My previous post spoke of a recent sleepwalking episode, but there’s more to the story.
Being old and sick has resulted in my no longer being afraid of anything because I have so little to lose, and since that episode was unlike anything I’d ever experienced before, I did not find it alarming. I did, of course, wonder about the cause and vaguely remembered reading that some prescription meds had side effects affecting mental capacity. It even occurred to me that a relatively new sleeping med for my chronic insomnia might be responsible, especially since on the evening in question I had taken a double dose to ensure that I’d go right to sleep. Ummm yes, so I filed that away for later consideration.
And then, a week after the episode it occurred to me that I could quite easily test whether the med was responsible by simply taking another double dose. In retrospect that seems breathtakingly stupid, but my having so little to lose has severely impacted my level of caution…and perhaps my common sense. So I took a double dose and nothing happened. Must have been something else that caused the problem because I felt fine the next morning and had not sleepwalked.
About noon I got a call from my sister. It turned out that Sheila, our wonderful building manager, had ratted me out. I was in the middle of reassuring Becky that the sleepwalking thing was a one-time-only event not to be worried about when there was a knock at my door. It was Sheila.
She was there to talk to me about last night’s event. Whaaaaat? Last night?
So I asked Sheila to wait a moment, told Becky I’d talk to her later about last night’s event, and ended the call. Then I got the full story from Sheila.
Yep, I’d sleepwalked again, and this time it was quite scary because I had (and have, other than the faintest impression of a large blue person putting a blood pressure cuff one me) absolutely no memory of it. Even when prompted. This time I’d not got out of the building. What I’d done was go down to the second floor and (this is speculation) apparently being lost, started trying doors until I found one that was unlocked so I could walk right in.
Linda kept a cool head about it, and when a brief conversation revealed that I was not making much sense, she called 911 and walked me down to the front door so we could let the mental health team in. She went back to her apartment, and the team, I am told, followed me to mine to take my vitals and determine that I was nonsensical rather than dangerous. And to keep talking with me until I started making sense before they tucked me into bed.

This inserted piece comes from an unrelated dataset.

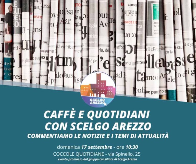Nuova iniziativa del gruppo consiliare Scelgo Arezzo: appuntamento domenica 17 settembre alle 10,30 con “Caffè e quotidiani”, una rassegna stampa che permetterà di confrontarsi e commentare le notizie e i temi di più stringente attualità. Via Spinello 25, sotto la galleria che immette in via Verdi.

Sheila, Becky, and I agreed that my next move should be to call my internist, which I did. After she’d finished beating me up over the double dose, she confirmed my suspicion that the new sleeping med, Zolpidem, had a history of causing sleepwalking and even sleepdriving. (Yikes! Thank goodness I let go of my car last fall.) We agreed that I should stop taking the Zolpidem, even a single dose for now although I’d been taking the single dose some nights for several months with no problem.
The coda is that I’ve been overwhelmed by the kindness of my friends in the building with their many offers of help. I marvel at how lucky I am to be living here surrounded by people like Linda who are on my side, and this is above and beyond the solicitude of my friends outside the building, to whom I’m also grateful.